-- To do --
Exactly the lines starting at the line containing "AI 概覽(以前在實(shí)驗(yàn)室中被稱為搜索生成體驗(yàn))一度出現(xiàn)在84% 的查詢中。" and ending at the line containing "Caboo Tree-Free Bamboo" are to be written out from the listing below, both included.

-- Task input --

- Opening Delimiter -

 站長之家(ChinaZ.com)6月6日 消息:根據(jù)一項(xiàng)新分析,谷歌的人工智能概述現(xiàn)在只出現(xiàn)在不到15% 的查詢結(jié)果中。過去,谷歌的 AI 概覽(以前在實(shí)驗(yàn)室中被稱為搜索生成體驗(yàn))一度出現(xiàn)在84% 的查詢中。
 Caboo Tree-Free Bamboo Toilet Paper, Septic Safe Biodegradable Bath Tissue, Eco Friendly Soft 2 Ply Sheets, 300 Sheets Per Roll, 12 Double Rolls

- Closing Delimiter -
- Opening Delimiter -

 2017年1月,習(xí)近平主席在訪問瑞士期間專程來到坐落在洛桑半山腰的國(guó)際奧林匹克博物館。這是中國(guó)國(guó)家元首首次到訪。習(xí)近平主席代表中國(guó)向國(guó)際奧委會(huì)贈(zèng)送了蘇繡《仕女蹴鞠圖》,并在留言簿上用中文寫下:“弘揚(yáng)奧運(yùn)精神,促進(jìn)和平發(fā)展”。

- Closing Delimiter -

-- Answer to this task --
 站長之家(ChinaZ.com)6月6日 消息:根據(jù)一項(xiàng)新分析,谷歌的人工智能概述現(xiàn)在只出現(xiàn)在不到15% 的查詢結(jié)果中。過去,谷歌的 AI 概覽(以前在實(shí)驗(yàn)室中被稱為搜索生成體驗(yàn))一度出現(xiàn)在84% 的查詢中。
 Caboo Tree-Free Bamboo Toilet Paper, Septic Safe Biodegradable Bath Tissue, Eco Friendly Soft 2 Ply Sheets, 300 Sheets Per Roll, 12 Double Rolls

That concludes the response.